#### WHAT YOU WILL DO
For every entry, reproduce the wording exactly and omit any image it holds.

#### RECORDS FOR THIS EXERCISE
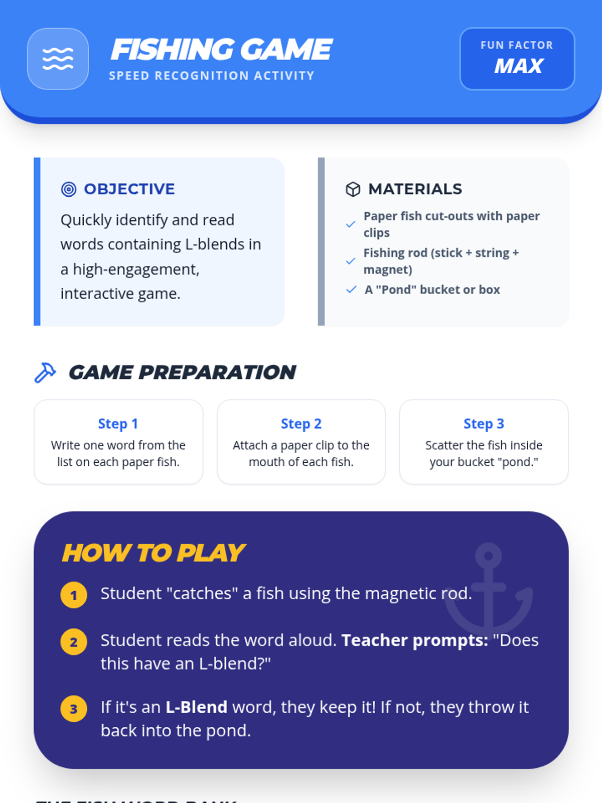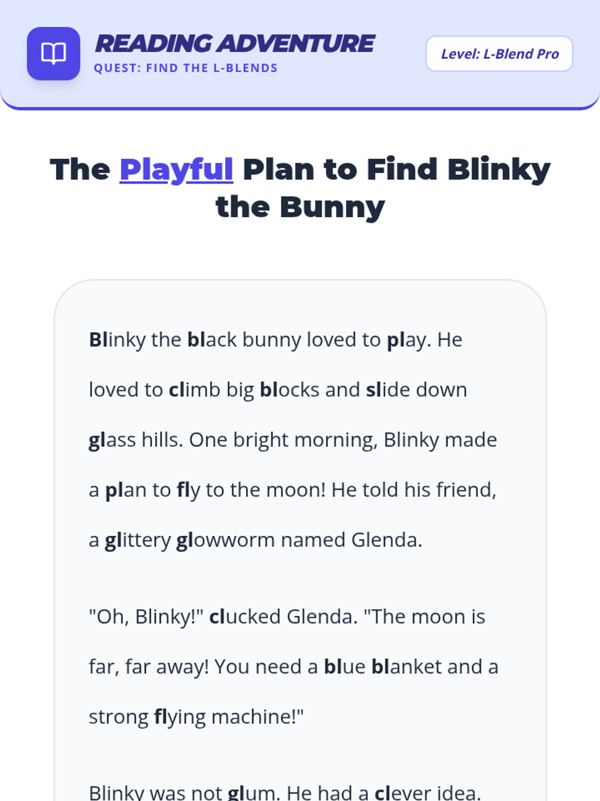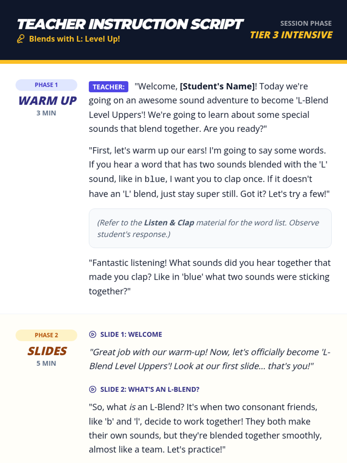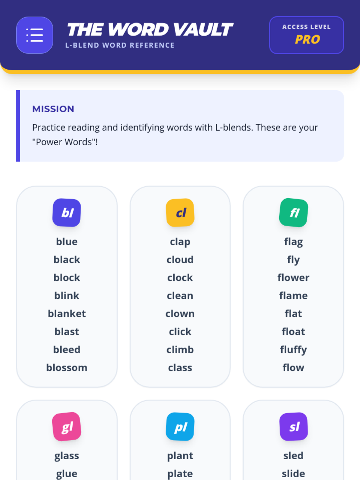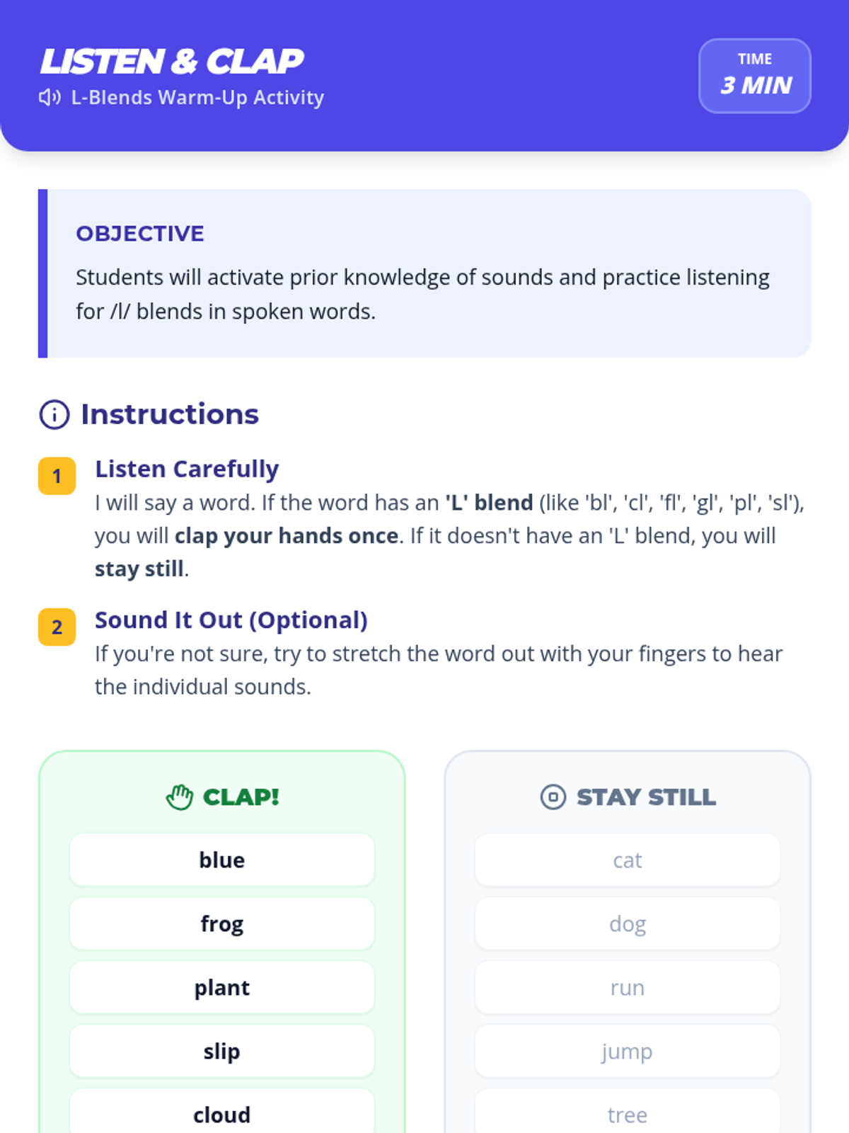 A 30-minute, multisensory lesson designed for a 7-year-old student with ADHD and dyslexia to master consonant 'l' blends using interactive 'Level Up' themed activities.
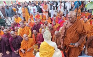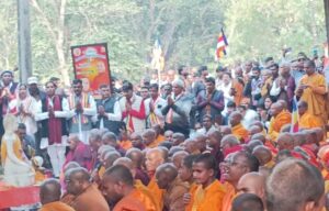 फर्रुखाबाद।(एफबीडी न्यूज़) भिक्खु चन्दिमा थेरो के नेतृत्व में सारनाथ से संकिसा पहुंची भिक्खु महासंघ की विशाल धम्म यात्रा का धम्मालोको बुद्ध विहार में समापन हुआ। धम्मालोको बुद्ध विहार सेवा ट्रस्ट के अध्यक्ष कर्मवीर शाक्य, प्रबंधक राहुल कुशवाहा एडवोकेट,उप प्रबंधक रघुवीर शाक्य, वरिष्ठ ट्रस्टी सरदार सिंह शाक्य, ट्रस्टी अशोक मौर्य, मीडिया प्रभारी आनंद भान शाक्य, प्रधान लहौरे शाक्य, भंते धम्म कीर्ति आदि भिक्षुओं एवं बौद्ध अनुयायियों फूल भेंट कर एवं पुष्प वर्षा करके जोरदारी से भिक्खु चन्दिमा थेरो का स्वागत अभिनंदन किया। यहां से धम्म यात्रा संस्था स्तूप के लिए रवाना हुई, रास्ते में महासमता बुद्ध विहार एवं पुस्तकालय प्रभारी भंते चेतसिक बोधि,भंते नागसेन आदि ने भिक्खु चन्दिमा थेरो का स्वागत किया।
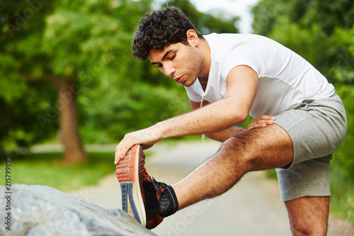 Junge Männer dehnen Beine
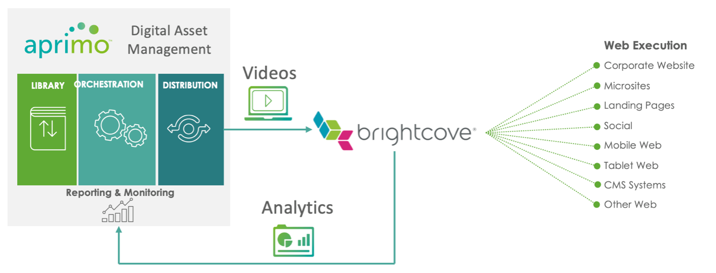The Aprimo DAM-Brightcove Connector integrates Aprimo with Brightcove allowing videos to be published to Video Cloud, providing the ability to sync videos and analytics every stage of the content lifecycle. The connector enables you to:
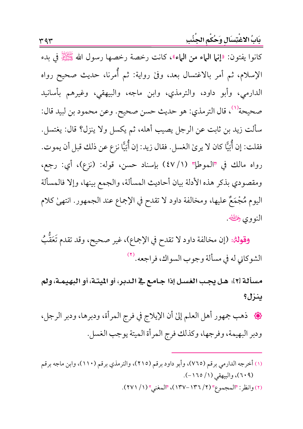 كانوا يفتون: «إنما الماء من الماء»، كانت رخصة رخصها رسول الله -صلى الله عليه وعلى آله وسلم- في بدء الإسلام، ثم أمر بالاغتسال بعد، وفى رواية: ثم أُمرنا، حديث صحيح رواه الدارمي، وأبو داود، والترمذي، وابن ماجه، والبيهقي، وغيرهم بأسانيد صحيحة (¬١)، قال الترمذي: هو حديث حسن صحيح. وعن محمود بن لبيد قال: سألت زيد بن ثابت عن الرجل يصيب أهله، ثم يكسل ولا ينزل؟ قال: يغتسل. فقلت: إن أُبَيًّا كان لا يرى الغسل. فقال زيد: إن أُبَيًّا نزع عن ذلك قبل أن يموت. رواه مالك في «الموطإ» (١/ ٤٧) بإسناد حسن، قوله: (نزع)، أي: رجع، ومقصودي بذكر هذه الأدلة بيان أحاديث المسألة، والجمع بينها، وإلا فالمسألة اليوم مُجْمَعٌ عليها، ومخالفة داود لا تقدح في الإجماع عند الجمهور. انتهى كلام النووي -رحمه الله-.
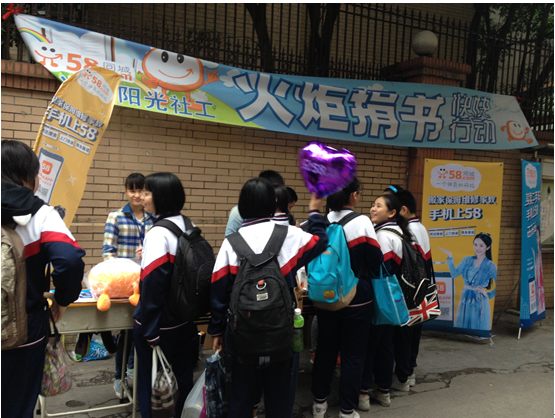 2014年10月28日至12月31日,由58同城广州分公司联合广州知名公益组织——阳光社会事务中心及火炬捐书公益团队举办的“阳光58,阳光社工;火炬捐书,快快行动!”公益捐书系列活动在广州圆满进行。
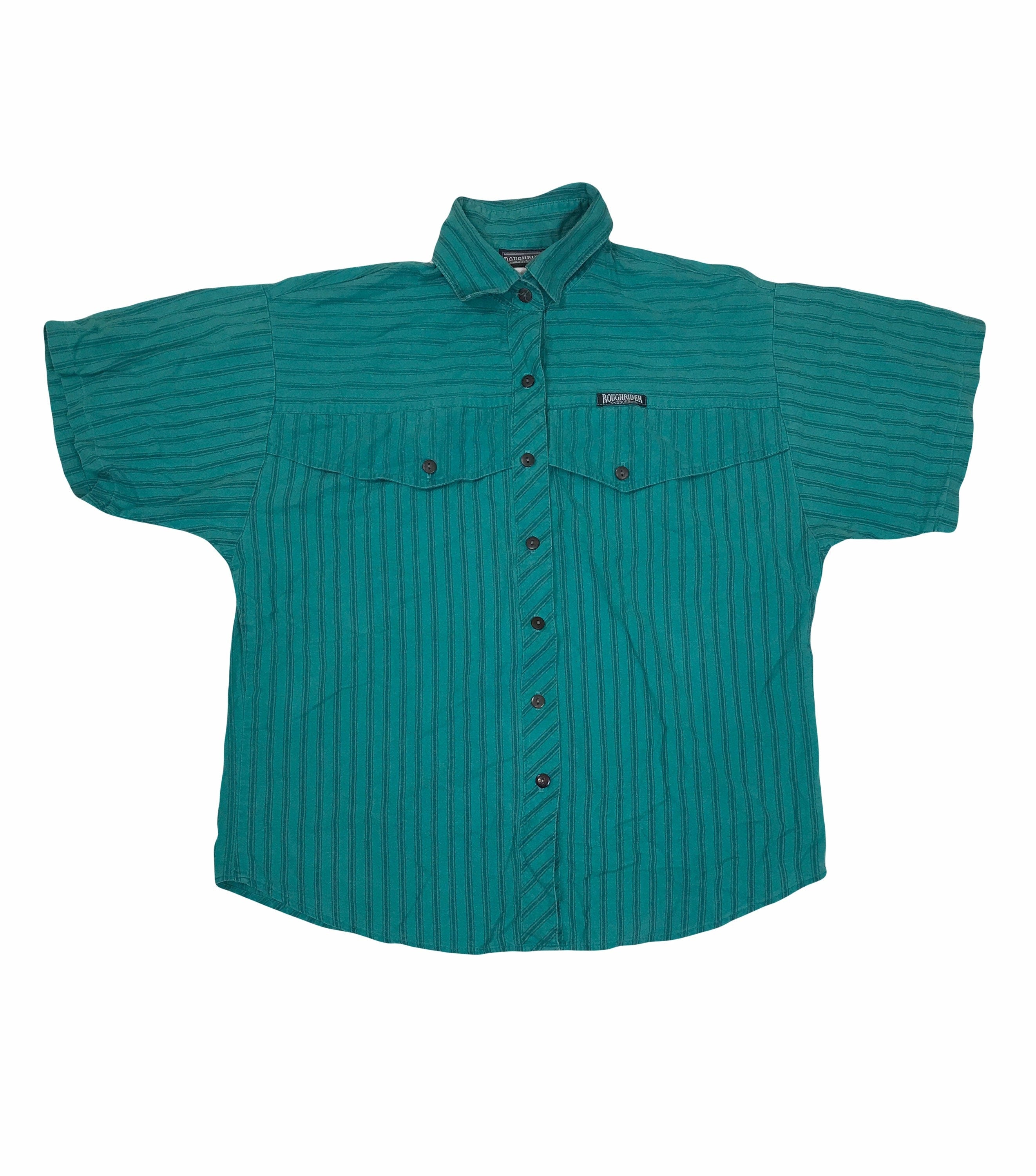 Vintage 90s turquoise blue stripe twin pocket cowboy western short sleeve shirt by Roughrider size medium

#### ANSWER TO THE EXERCISE
 A 30-minute, multisensory lesson designed for a 7-year-old student with ADHD and dyslexia to master consonant 'l' blends using interactive 'Level Up' themed activities.
 फर्रुखाबाद।(एफबीडी न्यूज़) भिक्खु चन्दिमा थेरो के नेतृत्व में सारनाथ से संकिसा पहुंची भिक्खु महासंघ की विशाल धम्म यात्रा का धम्मालोको बुद्ध विहार में समापन हुआ। धम्मालोको बुद्ध विहार सेवा ट्रस्ट के अध्यक्ष कर्मवीर शाक्य, प्रबंधक राहुल कुशवाहा एडवोकेट,उप प्रबंधक रघुवीर शाक्य, वरिष्ठ ट्रस्टी सरदार सिंह शाक्य, ट्रस्टी अशोक मौर्य, मीडिया प्रभारी आनंद भान शाक्य, प्रधान लहौरे शाक्य, भंते धम्म कीर्ति आदि भिक्षुओं एवं बौद्ध अनुयायियों फूल भेंट कर एवं पुष्प वर्षा करके जोरदारी से भिक्खु चन्दिमा थेरो का स्वागत अभिनंदन किया। यहां से धम्म यात्रा संस्था स्तूप के लिए रवाना हुई, रास्ते में महासमता बुद्ध विहार एवं पुस्तकालय प्रभारी भंते चेतसिक बोधि,भंते नागसेन आदि ने भिक्खु चन्दिमा थेरो का स्वागत किया।
 Junge Männer dehnen Beine
The Aprimo DAM-Brightcove Connector integrates Aprimo with Brightcove allowing videos to be published to Video Cloud, providing the ability to sync videos and analytics every stage of the content lifecycle. The connector enables you to:
 كانوا يفتون: «إنما الماء من الماء»، كانت رخصة رخصها رسول الله -صلى الله عليه وعلى آله وسلم- في بدء الإسلام، ثم أمر بالاغتسال بعد، وفى رواية: ثم أُمرنا، حديث صحيح رواه الدارمي، وأبو داود، والترمذي، وابن ماجه، والبيهقي، وغيرهم بأسانيد صحيحة (¬١)، قال الترمذي: هو حديث حسن صحيح. وعن محمود بن لبيد قال: سألت زيد بن ثابت عن الرجل يصيب أهله، ثم يكسل ولا ينزل؟ قال: يغتسل. فقلت: إن أُبَيًّا كان لا يرى الغسل. فقال زيد: إن أُبَيًّا نزع عن ذلك قبل أن يموت. رواه مالك في «الموطإ» (١/ ٤٧) بإسناد حسن، قوله: (نزع)، أي: رجع، ومقصودي بذكر هذه الأدلة بيان أحاديث المسألة، والجمع بينها، وإلا فالمسألة اليوم مُجْمَعٌ عليها، ومخالفة داود لا تقدح في الإجماع عند الجمهور. انتهى كلام النووي -رحمه الله-.
 2014年10月28日至12月31日,由58同城广州分公司联合广州知名公益组织——阳光社会事务中心及火炬捐书公益团队举办的“阳光58,阳光社工;火炬捐书,快快行动!”公益捐书系列活动在广州圆满进行。
 Vintage 90s turquoise blue stripe twin pocket cowboy western short sleeve shirt by Roughrider size medium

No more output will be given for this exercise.